Time to Spruce up the World?


Spruce

An undisclosed location. Two of three spruces ended up in the woods behind the fence. This one might be somewhere else. If asked, I can honestly say it was a conspiracy that also involved Ben.

Well, there are still 10 trees lurking out there in the world, supposed to be on their way from the Arbor Day Foundation—heaven knows what I’ll do with them when I get them.

In the meantime, the real reason Audrey joined the Foundation again and got her free trees is so she could purchase 50 white spruce trees at a discount for school children in Monticello. One of her classes did an environmental service project with several grades at Sacred Heart School, and each student received a spruce tree to plant.

There were 47 students.

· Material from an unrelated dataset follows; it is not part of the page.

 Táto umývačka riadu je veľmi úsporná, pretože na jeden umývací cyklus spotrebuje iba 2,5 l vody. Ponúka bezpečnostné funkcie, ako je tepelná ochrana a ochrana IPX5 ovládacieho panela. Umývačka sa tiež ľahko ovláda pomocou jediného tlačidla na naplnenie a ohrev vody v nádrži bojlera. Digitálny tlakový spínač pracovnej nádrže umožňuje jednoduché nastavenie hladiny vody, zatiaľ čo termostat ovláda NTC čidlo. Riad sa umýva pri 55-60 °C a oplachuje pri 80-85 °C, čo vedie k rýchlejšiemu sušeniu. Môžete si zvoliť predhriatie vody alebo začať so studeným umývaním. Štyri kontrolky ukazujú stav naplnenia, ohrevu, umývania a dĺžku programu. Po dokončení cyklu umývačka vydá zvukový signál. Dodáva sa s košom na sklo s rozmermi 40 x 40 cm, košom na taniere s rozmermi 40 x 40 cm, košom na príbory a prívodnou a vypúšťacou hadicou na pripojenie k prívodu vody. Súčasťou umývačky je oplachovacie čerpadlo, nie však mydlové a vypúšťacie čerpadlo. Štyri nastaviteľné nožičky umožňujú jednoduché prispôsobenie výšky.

Teachers also wanted a tree each, but apparently the Arbor Day Foundation was playing it safe, and the bundle of 50 must have had more than 50, since there were still three trees left over.

It was cool and rainy today, and may snow tonight. We are in a transition from a warm and wonderful Thanksgiving to early winter, with highs in the 30s and lows in the 20s. It might flurry tonight.

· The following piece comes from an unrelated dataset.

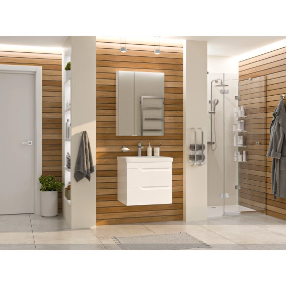 Зеркальный шкаф 60x80 см белый глянец R Misty Аура Э-Аур02060-01

The trees are dormant, and the instructions are to plant as soon as possible, so I put the three spruce in the ground today. They are also supposed to taste good to deer, so I caged them to give them a chance.

Too much to do and school is about to start for the final end-of-semester frenzy. I have oodles to work on, so it’s a good thing this is not a busy gardening time. But, I always feel better when I’ve dropped some trees in the ground—it’s such a hopeful gesture.

Sleep little spruce, and when spring comes around, wake up and grow. I hope most of the kids in Monticello found a good spot for their spruce twigs, too.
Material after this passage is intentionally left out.